What needs to be done
Restate, word for word, the run of lines that starts at the line containing "バッテリーの容量は2100m" and ends with the final line of the listing. Leave pictures out.

Dataset excerpt
--

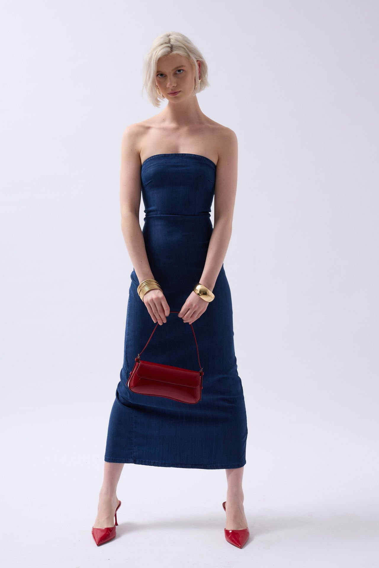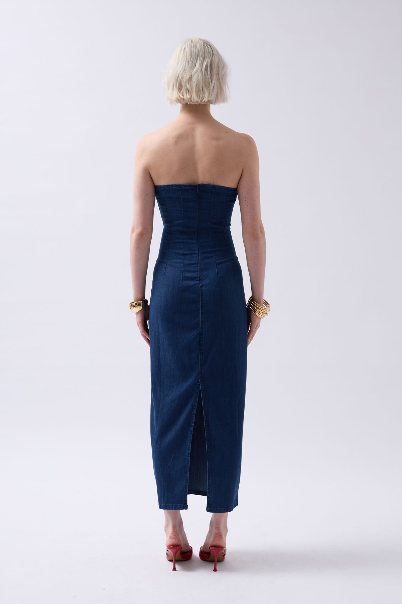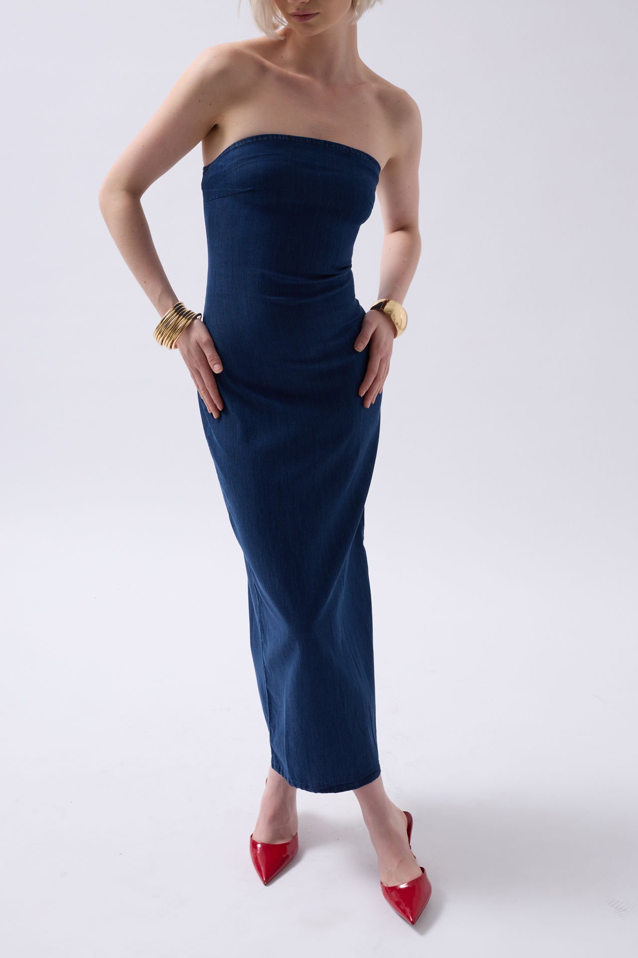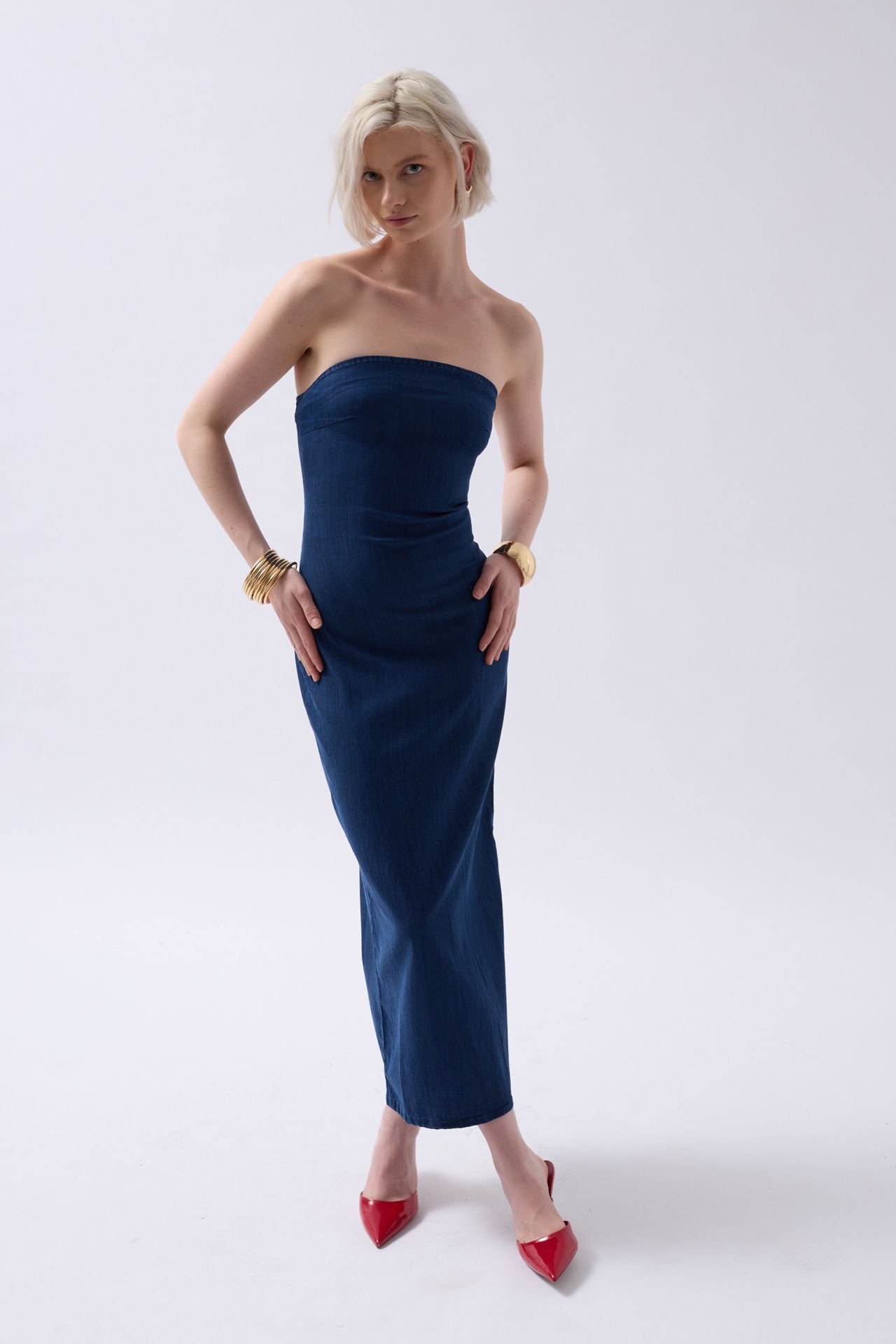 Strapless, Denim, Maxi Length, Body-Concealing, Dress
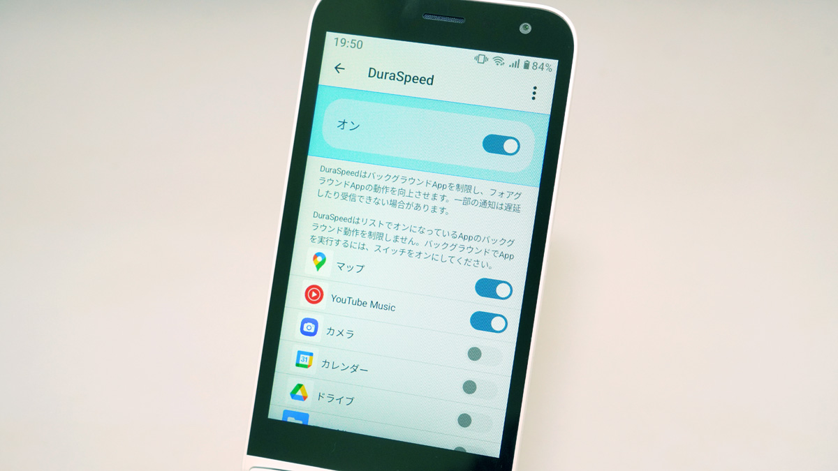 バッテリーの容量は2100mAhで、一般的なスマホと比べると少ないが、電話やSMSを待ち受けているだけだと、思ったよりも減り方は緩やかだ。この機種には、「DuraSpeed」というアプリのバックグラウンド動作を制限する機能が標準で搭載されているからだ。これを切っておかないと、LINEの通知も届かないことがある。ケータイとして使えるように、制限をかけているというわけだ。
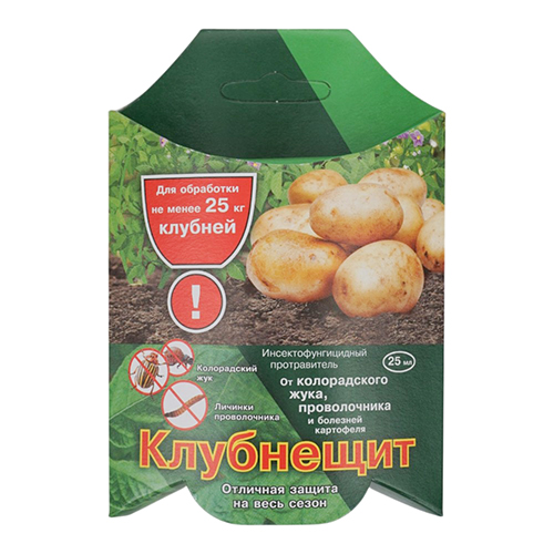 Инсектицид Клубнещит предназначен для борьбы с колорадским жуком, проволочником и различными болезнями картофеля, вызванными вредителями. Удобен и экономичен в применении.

--

Task response
 バッテリーの容量は2100mAhで、一般的なスマホと比べると少ないが、電話やSMSを待ち受けているだけだと、思ったよりも減り方は緩やかだ。この機種には、「DuraSpeed」というアプリのバックグラウンド動作を制限する機能が標準で搭載されているからだ。これを切っておかないと、LINEの通知も届かないことがある。ケータイとして使えるように、制限をかけているというわけだ。
 Инсектицид Клубнещит предназначен для борьбы с колорадским жуком, проволочником и различными болезнями картофеля, вызванными вредителями. Удобен и экономичен в применении.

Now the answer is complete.